Seek and ye shall find (Mt.7:7).#6. “Seeking glory.”

Seek and ye shall find (Mt.7:7).#6. “Seeking glory.”

The prize of pride is glory—the glory of man and the glory of self. Is it worth it? Most think so.

Jesus accused his enemies of trading faith for the praise of each other:

“How can you believe, when you receive glory from one another and you do not seek the glory that is from the one and only God?” (Jn.5:44).

The glory of man is a powerful drug. And like all drugs its acquisition is driven by addition and its maintenance by ruinous costs.

God did not design us to encourage the praise of others. Humility must be sought at all costs—especially at the cost of pride. By upgrading ourselves, we downgrade God.

Christian communities produce exceptional people. By their nature they encourage goodness and self-discipline. So, it shouldn’t surprise us that our brethren do well in what they put their hand to. When they give glory to God for their success, they are a powerful witness for Christ. However, when Christ is diminished or forgotten, they are asking for God’s discipline.

God has built into faith a means of divine elevation: Stay away from the front and wait for others to move you up; “he who humbles himself will be exalted” (Lk.14:11).

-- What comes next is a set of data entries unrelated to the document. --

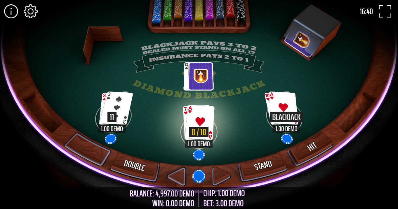 В игре в блэкджек три точки для ставок, и я бы сказал, что правила средние для индустрии. Мой калькулятор преимущества казино в блэкджеке показывает преимущество в 0,40%, хотя в справочном файле игры указано 0,35%. Вы можете сами решить, кому верить.
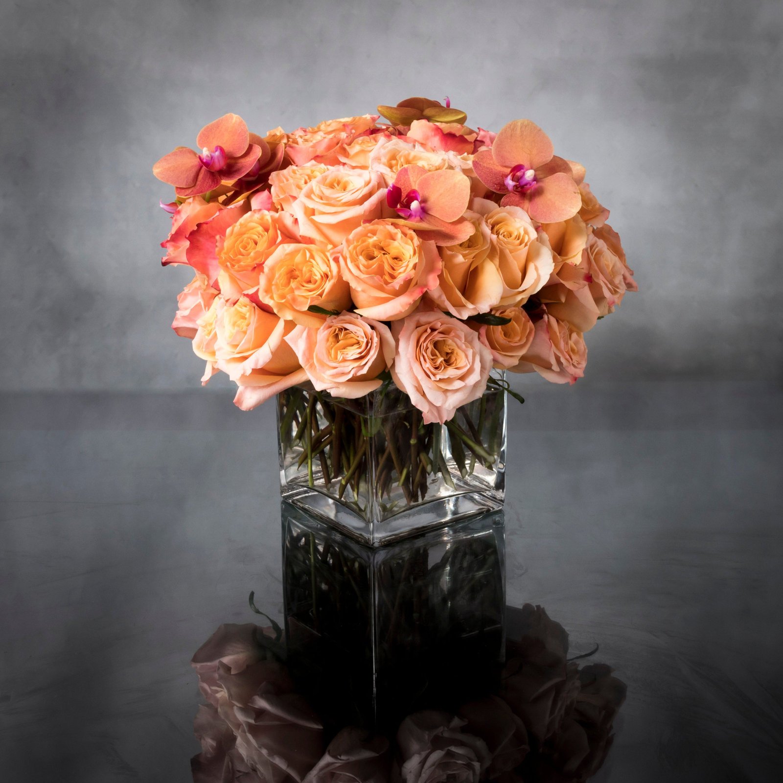 Bold and dynamic, this stunning display of Cherry Brandy roses and garden roses with orchids will drop the jaw of any onlooker. Beautifully presented in glass vase, these gorgeous roses will say what’s in your heart more eloquently than words.
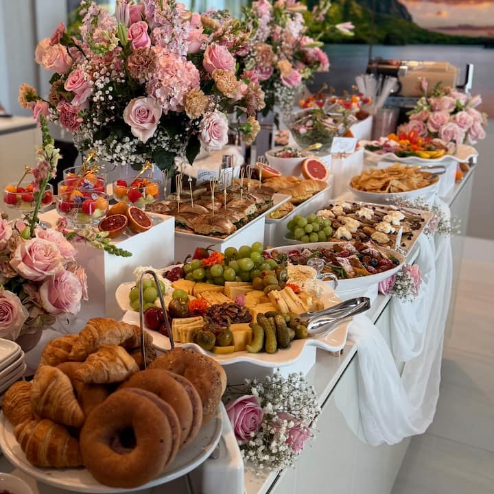 Esto incluye nuestro servicio de buffet y la preparación con platos, cubiertos, toallas para invitados, servilletas, servilletas de lino, limpieza, el chef y un asistente.
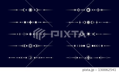 Esoteric mystic celestial divider borders vector set. Fantasy, space or magic golden lines with glowing mystical sun, crescent moon and star boho symbols. Astrology, wicca, witchcraft spiritual frames
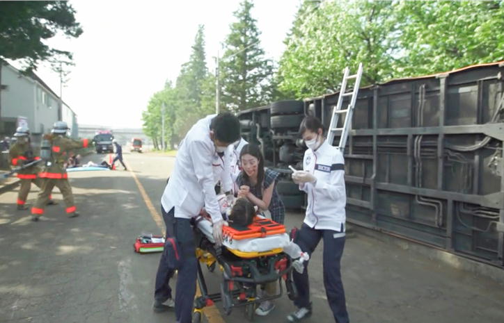 喜多見は、事故現場を見てスタッフたちに指示を出す。

Too many Christians associate humility with the realm of ‘Participation Medals’ and ‘B-teams.’ They cannot fathom a world where humble service in the church causes thunderous applause in heaven. A world where John the Baptizer worked every waking moment of his life to exalt the Christ. He cared nothing for fame. Of the powerful, those who could have exalted John before man, he said they were snakes and adulterers. Of himself, he said he was but ‘a voice crying in the wilderness,’ one who must decrease as Christ increases. To seek the glory of Christ and His church is all that matters.“

Humble yourselves in the presence of the Lord, and He will exalt you” (Jm.4:10).